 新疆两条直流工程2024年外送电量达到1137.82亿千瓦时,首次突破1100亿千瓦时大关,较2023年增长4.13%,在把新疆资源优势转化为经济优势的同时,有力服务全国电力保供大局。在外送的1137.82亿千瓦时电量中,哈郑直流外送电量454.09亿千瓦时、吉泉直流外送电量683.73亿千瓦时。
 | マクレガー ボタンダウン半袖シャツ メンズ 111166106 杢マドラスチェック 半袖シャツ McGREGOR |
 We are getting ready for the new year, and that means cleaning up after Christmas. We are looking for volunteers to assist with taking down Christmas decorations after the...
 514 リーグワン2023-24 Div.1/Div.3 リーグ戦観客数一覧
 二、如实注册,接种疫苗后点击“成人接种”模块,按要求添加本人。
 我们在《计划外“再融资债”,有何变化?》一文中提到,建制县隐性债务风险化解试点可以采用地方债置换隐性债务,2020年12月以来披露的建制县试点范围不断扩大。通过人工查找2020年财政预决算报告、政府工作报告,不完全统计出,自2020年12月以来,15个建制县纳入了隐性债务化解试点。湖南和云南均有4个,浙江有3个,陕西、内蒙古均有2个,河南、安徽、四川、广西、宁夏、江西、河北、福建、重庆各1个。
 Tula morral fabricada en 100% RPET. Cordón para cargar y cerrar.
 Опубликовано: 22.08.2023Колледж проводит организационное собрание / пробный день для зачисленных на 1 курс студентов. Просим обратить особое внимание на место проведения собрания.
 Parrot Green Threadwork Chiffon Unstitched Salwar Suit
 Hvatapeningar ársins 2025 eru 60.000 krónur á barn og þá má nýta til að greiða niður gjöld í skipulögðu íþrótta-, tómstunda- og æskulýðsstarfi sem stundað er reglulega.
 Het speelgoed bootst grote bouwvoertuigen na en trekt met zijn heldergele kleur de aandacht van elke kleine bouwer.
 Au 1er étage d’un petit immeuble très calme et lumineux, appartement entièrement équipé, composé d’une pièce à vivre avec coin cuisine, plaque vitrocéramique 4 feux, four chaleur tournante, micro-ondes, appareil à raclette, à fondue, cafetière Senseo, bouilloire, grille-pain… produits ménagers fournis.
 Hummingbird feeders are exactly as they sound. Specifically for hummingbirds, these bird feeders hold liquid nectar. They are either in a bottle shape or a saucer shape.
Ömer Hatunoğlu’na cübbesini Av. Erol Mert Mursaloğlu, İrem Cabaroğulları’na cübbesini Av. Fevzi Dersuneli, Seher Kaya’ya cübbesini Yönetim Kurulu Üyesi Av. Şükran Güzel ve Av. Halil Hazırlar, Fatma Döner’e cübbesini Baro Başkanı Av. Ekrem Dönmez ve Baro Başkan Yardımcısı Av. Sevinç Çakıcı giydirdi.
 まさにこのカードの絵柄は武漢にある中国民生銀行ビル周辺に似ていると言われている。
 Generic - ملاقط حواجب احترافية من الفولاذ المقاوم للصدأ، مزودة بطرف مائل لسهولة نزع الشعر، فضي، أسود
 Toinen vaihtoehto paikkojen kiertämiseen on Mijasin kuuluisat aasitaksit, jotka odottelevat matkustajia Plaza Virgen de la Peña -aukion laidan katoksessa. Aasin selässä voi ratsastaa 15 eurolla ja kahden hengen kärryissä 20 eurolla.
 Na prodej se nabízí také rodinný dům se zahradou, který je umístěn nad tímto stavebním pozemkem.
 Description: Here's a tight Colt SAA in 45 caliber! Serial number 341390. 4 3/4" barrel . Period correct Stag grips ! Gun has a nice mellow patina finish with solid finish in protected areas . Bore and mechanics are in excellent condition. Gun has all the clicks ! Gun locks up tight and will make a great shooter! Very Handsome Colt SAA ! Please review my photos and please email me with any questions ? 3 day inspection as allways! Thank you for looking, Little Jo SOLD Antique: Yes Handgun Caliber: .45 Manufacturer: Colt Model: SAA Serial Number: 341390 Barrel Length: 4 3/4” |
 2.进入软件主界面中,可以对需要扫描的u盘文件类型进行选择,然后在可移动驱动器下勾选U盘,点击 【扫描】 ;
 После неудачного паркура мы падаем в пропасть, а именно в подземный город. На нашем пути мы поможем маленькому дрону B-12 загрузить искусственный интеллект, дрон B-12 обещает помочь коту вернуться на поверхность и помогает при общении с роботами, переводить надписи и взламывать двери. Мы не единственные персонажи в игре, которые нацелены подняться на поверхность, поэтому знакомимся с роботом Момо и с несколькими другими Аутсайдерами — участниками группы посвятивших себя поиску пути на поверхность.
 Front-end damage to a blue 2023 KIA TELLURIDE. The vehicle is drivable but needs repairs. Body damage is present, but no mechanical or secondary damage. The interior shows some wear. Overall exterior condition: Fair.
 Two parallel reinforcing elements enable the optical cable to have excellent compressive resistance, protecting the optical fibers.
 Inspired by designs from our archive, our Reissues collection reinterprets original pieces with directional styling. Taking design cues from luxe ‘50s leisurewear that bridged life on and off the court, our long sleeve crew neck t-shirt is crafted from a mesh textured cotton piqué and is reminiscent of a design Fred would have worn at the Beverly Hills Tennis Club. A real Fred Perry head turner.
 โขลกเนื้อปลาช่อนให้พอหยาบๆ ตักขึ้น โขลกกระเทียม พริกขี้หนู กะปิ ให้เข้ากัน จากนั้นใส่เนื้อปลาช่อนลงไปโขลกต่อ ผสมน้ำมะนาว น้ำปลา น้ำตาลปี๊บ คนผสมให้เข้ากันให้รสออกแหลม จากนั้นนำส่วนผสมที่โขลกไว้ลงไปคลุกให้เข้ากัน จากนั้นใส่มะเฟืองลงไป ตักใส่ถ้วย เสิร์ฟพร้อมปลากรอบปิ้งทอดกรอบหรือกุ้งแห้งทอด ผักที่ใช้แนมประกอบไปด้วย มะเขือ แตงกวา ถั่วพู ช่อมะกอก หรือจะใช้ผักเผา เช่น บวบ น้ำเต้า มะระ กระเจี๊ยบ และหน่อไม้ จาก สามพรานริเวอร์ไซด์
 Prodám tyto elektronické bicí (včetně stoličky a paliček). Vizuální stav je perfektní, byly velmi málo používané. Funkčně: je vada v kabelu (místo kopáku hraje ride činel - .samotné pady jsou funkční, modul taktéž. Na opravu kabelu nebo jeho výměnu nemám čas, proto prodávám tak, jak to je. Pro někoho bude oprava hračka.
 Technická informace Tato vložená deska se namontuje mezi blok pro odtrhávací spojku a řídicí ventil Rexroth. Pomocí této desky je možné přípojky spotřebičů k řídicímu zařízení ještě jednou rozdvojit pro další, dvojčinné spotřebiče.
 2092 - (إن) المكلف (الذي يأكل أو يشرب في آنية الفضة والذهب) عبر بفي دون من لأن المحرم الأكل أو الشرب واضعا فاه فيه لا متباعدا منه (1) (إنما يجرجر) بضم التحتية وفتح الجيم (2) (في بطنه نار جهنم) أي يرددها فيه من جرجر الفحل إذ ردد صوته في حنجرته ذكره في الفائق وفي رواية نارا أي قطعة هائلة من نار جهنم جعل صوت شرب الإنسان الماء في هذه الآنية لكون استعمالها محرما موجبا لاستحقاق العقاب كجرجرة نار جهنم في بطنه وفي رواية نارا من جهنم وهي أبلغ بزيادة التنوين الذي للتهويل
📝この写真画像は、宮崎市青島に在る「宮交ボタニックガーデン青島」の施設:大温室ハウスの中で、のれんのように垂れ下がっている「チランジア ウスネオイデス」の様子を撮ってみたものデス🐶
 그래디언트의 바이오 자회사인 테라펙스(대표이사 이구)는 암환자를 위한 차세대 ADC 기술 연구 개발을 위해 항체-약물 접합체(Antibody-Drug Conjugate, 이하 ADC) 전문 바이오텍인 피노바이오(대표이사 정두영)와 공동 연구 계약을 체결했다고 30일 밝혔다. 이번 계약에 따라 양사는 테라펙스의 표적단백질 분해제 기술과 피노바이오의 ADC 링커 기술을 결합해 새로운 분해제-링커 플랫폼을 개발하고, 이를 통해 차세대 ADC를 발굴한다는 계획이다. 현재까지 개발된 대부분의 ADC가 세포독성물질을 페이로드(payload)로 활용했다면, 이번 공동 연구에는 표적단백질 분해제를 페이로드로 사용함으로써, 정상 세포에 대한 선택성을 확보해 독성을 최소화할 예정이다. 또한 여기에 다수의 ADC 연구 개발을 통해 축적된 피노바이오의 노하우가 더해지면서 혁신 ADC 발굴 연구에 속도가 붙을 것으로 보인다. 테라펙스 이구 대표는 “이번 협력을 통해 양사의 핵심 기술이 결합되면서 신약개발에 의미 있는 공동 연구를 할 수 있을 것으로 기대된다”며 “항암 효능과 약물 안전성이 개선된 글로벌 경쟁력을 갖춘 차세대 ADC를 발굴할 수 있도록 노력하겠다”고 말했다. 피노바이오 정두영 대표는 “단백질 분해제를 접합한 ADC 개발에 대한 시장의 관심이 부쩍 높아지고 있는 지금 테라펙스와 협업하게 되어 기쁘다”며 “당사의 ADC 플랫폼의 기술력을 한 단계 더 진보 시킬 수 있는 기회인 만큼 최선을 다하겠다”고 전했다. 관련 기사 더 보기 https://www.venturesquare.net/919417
────────────────
Problem requirements: Return the span of lines in the data above that opens at the line with "После неудачного паркура" and closes at the line with "Two parallel reinforcing", exactly, ends included, nothing else.

Response area:
 После неудачного паркура мы падаем в пропасть, а именно в подземный город. На нашем пути мы поможем маленькому дрону B-12 загрузить искусственный интеллект, дрон B-12 обещает помочь коту вернуться на поверхность и помогает при общении с роботами, переводить надписи и взламывать двери. Мы не единственные персонажи в игре, которые нацелены подняться на поверхность, поэтому знакомимся с роботом Момо и с несколькими другими Аутсайдерами — участниками группы посвятивших себя поиску пути на поверхность.
 Front-end damage to a blue 2023 KIA TELLURIDE. The vehicle is drivable but needs repairs. Body damage is present, but no mechanical or secondary damage. The interior shows some wear. Overall exterior condition: Fair.
 Two parallel reinforcing elements enable the optical cable to have excellent compressive resistance, protecting the optical fibers.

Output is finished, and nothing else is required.